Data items
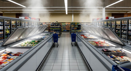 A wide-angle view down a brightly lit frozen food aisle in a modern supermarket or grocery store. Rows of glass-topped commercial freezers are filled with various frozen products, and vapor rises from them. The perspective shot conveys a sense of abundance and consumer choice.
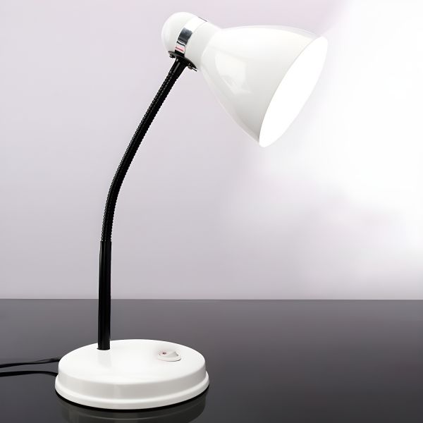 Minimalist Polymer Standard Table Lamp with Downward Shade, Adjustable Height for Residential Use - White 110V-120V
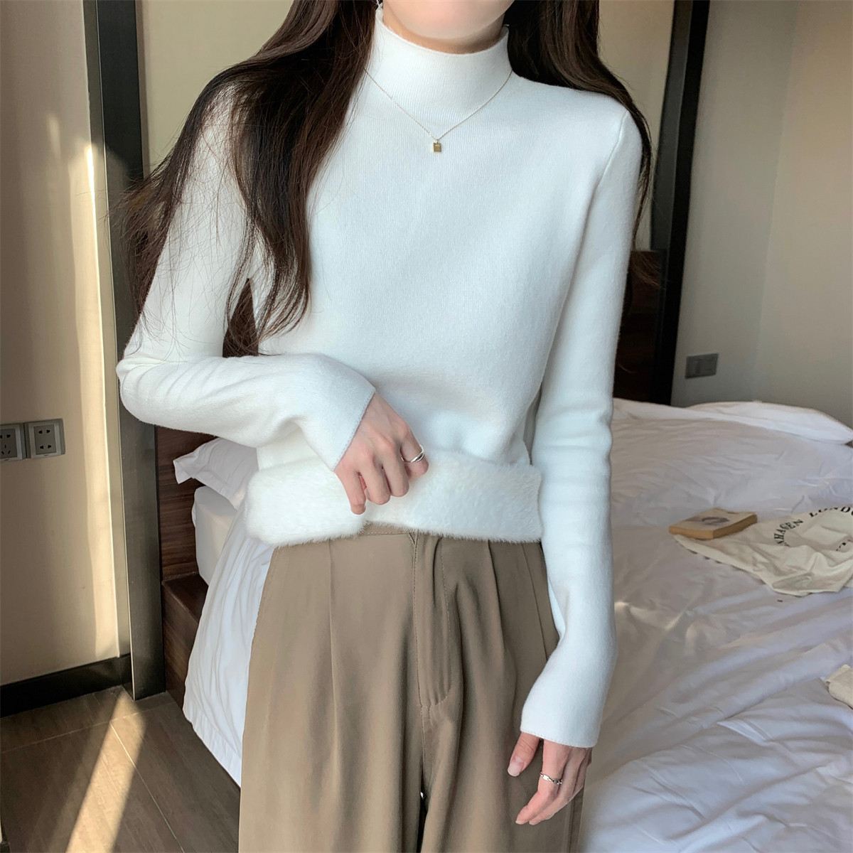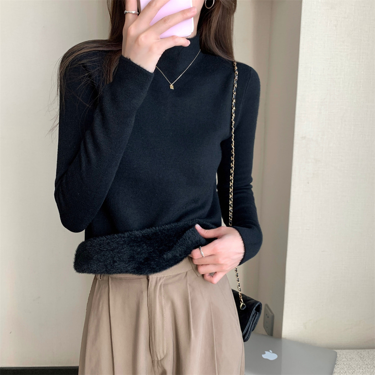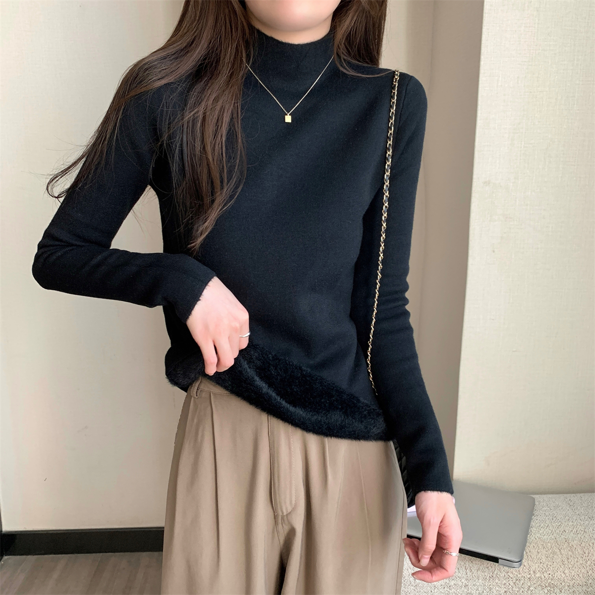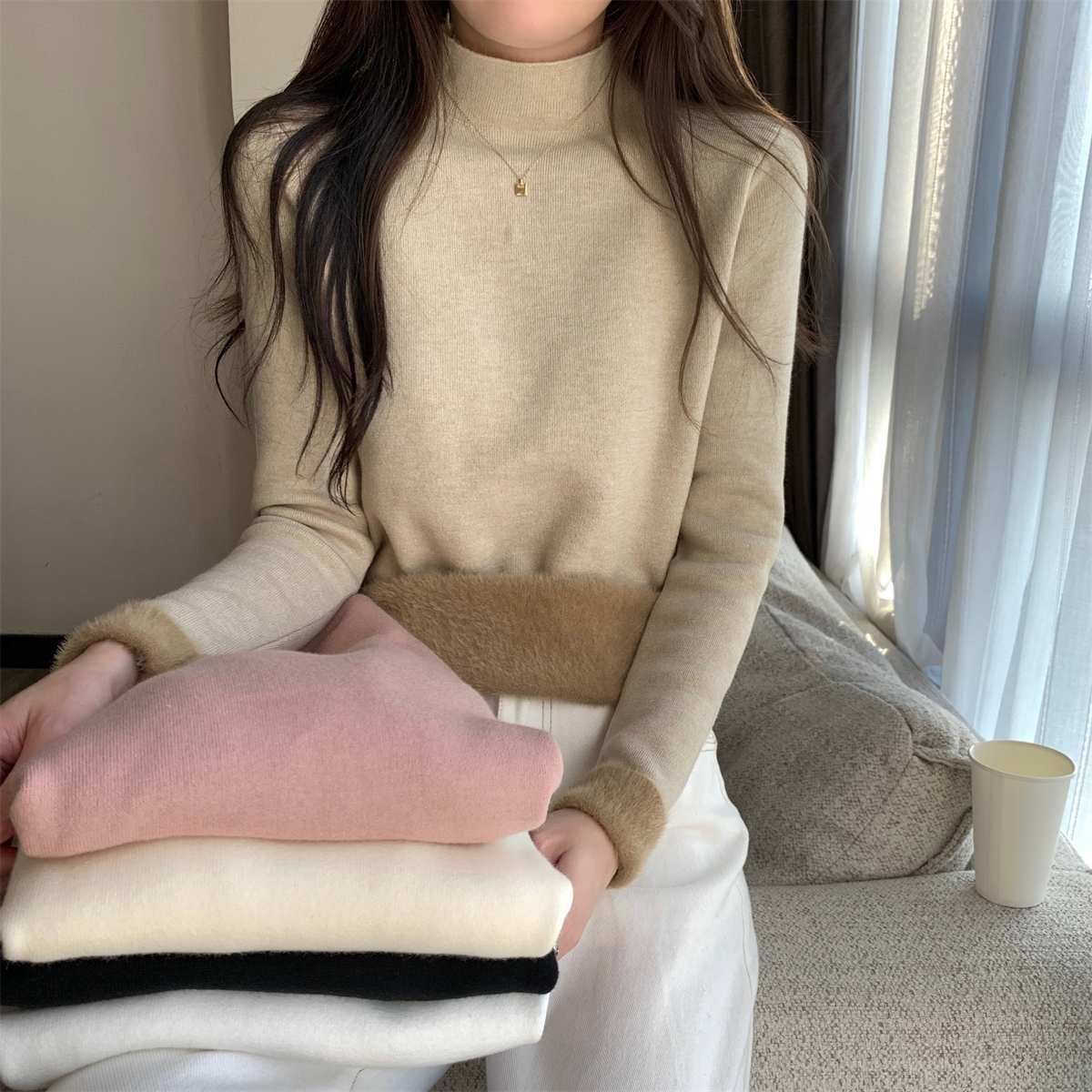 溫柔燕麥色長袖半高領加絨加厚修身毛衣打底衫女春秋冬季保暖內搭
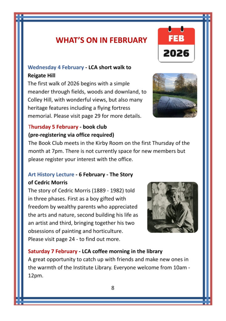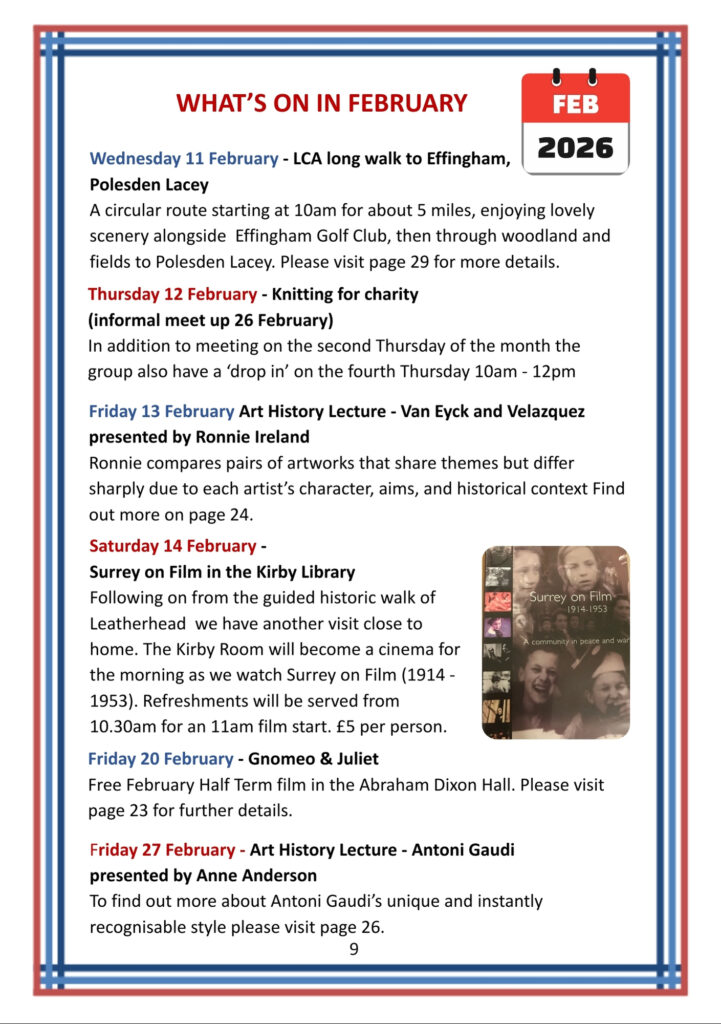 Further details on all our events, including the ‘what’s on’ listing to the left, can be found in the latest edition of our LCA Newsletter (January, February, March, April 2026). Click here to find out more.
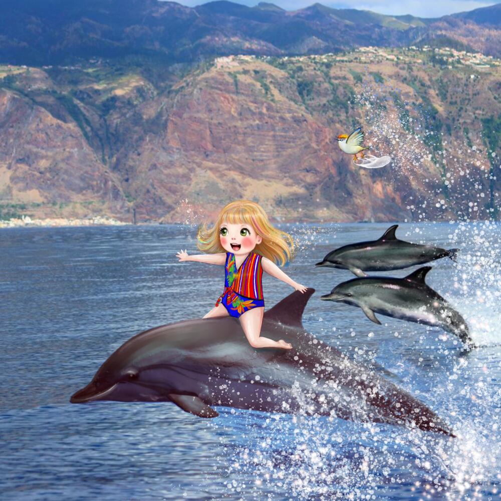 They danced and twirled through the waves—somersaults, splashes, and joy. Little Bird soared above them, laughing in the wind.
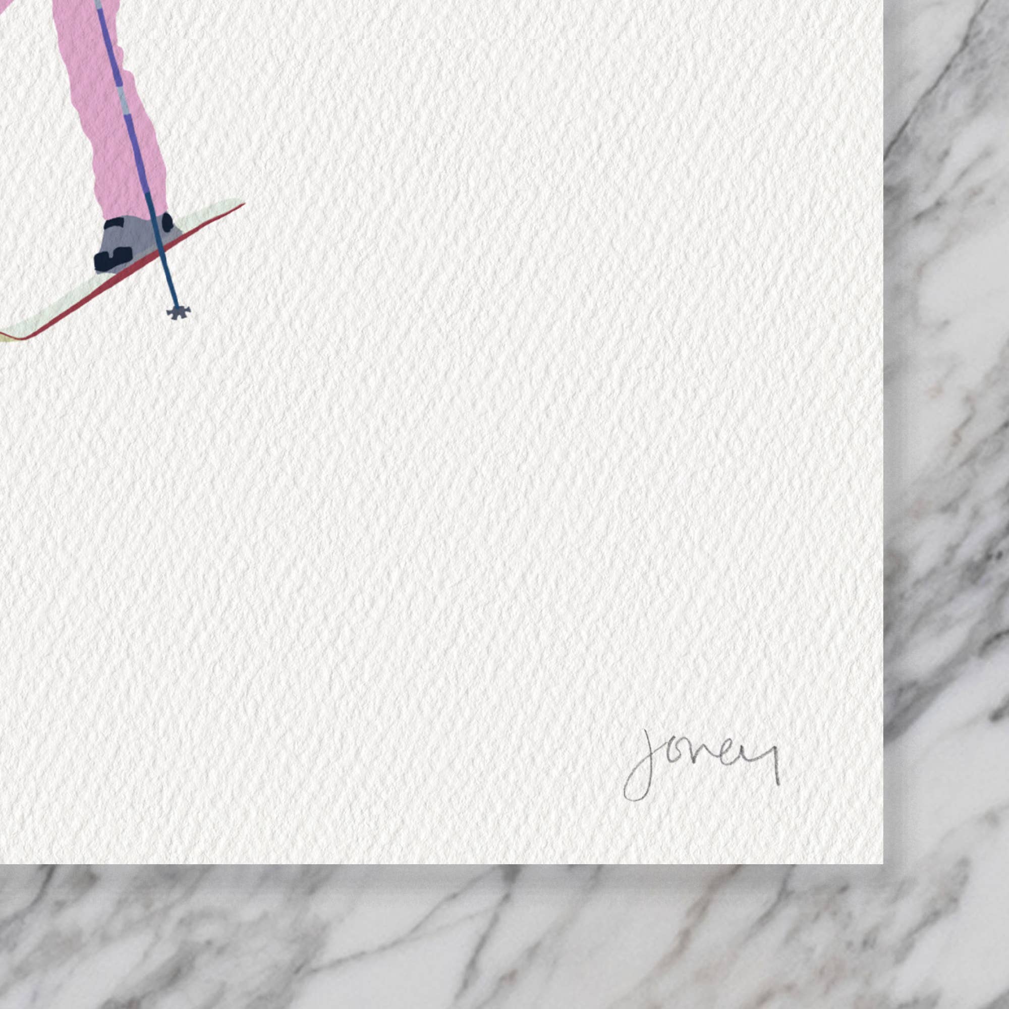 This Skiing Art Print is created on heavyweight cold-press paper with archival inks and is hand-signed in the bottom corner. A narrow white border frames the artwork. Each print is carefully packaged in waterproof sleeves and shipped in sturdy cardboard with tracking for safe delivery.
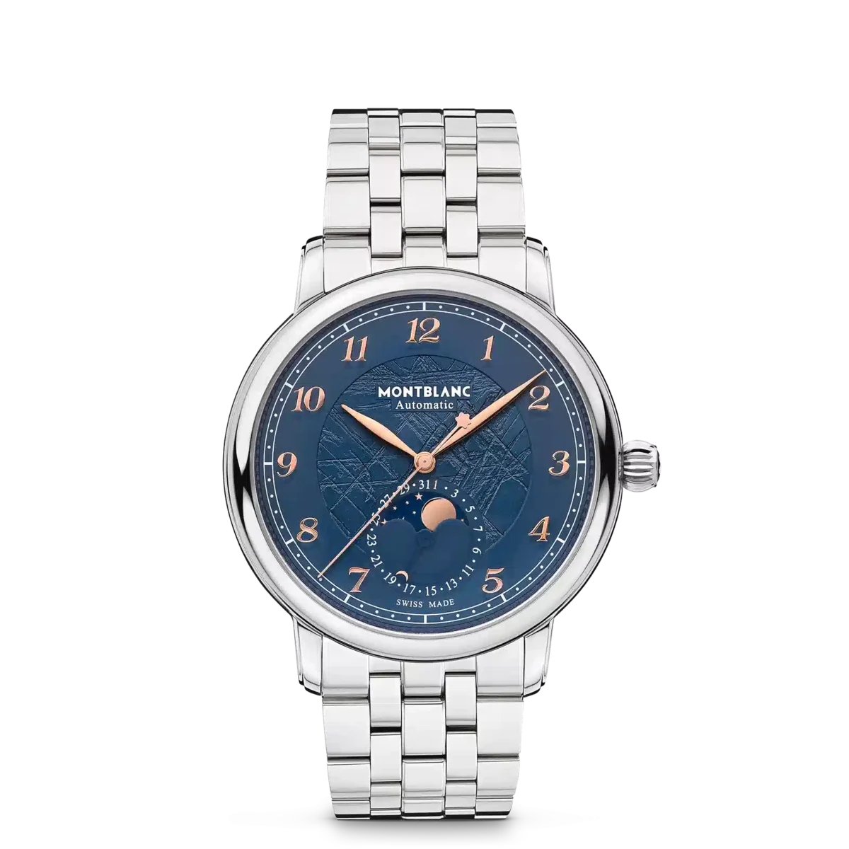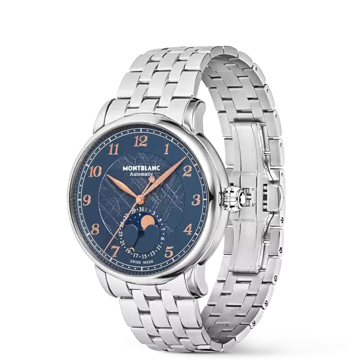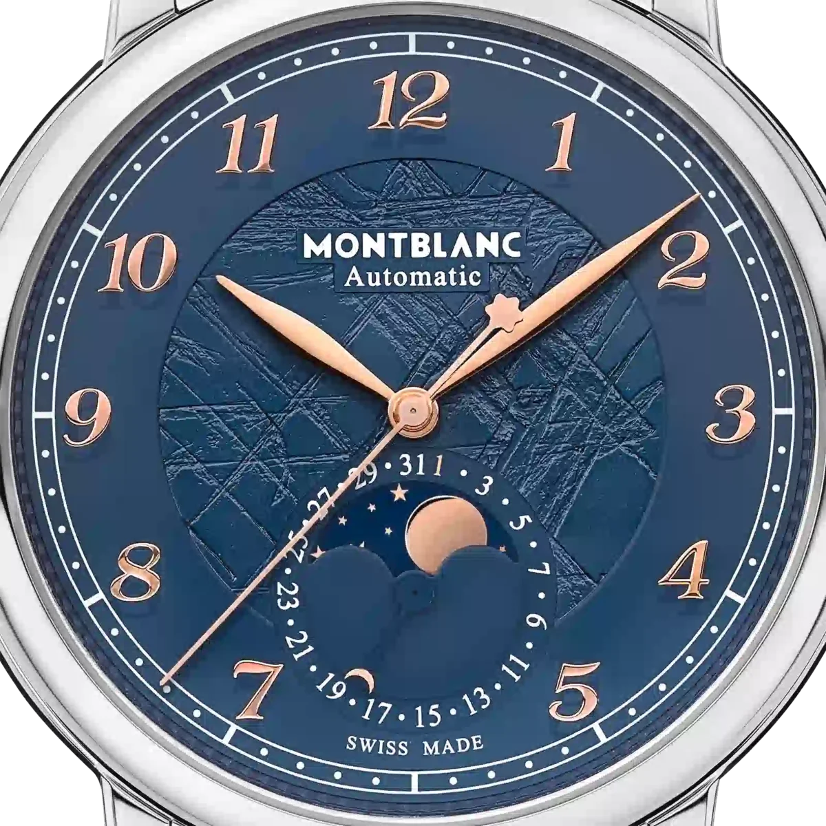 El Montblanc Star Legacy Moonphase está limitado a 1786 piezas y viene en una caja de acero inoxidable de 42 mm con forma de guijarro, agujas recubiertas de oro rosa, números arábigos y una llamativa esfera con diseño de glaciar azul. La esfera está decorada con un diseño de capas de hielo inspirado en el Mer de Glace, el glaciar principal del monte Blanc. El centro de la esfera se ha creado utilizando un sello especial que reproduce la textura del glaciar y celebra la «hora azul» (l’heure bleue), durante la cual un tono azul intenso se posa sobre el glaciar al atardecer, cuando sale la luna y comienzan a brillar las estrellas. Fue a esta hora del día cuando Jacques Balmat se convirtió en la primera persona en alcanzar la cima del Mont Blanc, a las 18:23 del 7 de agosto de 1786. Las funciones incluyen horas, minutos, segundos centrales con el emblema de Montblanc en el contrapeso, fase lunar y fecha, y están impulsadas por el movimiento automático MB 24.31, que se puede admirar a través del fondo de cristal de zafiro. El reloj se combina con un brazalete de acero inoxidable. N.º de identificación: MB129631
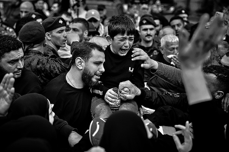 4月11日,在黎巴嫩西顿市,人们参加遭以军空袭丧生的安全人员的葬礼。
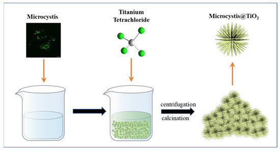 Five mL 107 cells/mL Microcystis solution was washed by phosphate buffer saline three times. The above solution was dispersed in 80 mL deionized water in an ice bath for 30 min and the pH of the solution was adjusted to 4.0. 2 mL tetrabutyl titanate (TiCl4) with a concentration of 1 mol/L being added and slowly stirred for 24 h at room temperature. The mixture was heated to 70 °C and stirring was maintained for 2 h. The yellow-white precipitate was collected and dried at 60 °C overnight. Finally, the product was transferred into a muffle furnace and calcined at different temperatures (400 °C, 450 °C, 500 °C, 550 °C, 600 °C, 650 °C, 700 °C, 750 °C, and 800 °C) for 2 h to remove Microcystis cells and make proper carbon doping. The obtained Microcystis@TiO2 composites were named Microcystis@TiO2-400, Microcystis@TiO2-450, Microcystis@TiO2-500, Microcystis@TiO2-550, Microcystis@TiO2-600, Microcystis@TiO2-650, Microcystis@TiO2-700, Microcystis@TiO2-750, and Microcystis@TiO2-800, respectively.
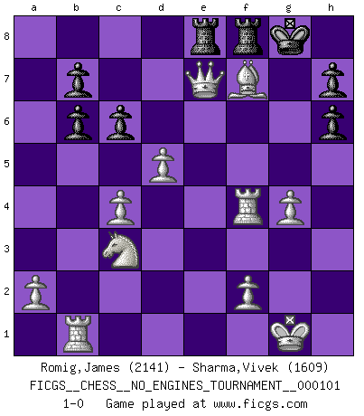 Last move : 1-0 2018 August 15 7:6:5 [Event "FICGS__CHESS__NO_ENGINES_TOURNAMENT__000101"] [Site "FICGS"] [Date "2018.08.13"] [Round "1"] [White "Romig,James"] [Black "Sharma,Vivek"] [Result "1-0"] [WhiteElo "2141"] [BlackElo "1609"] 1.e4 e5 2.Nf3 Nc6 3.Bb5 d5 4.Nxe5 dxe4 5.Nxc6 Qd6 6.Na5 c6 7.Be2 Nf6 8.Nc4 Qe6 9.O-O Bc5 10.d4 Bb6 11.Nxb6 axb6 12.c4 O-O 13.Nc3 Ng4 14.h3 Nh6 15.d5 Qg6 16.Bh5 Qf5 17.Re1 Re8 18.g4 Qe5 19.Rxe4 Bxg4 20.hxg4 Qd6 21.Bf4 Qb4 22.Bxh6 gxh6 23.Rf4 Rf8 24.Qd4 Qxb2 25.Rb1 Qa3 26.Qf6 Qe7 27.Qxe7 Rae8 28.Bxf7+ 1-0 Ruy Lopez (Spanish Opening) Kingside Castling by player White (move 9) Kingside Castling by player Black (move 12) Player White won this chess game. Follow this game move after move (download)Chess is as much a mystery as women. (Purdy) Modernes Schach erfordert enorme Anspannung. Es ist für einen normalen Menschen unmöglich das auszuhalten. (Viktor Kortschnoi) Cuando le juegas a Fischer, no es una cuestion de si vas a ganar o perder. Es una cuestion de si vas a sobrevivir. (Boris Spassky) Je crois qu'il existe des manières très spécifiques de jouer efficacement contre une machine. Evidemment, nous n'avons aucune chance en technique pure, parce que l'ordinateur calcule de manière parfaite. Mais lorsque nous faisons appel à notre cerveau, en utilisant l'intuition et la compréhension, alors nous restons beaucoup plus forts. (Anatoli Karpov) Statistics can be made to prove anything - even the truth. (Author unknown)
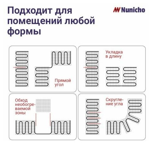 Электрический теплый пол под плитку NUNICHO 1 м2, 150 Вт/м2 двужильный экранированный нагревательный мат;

• _Task to complete_
Give back, exactly and without pictures, the stretch of the records above from the line containing "溫柔燕麥色長袖半高領加絨加厚修身毛衣打底衫女春秋冬季保暖內搭" through the line containing "This Skiing Art", with both end lines included.

• _Response to this task_
 溫柔燕麥色長袖半高領加絨加厚修身毛衣打底衫女春秋冬季保暖內搭
 Further details on all our events, including the ‘what’s on’ listing to the left, can be found in the latest edition of our LCA Newsletter (January, February, March, April 2026). Click here to find out more.
 They danced and twirled through the waves—somersaults, splashes, and joy. Little Bird soared above them, laughing in the wind.
 This Skiing Art Print is created on heavyweight cold-press paper with archival inks and is hand-signed in the bottom corner. A narrow white border frames the artwork. Each print is carefully packaged in waterproof sleeves and shipped in sturdy cardboard with tracking for safe delivery.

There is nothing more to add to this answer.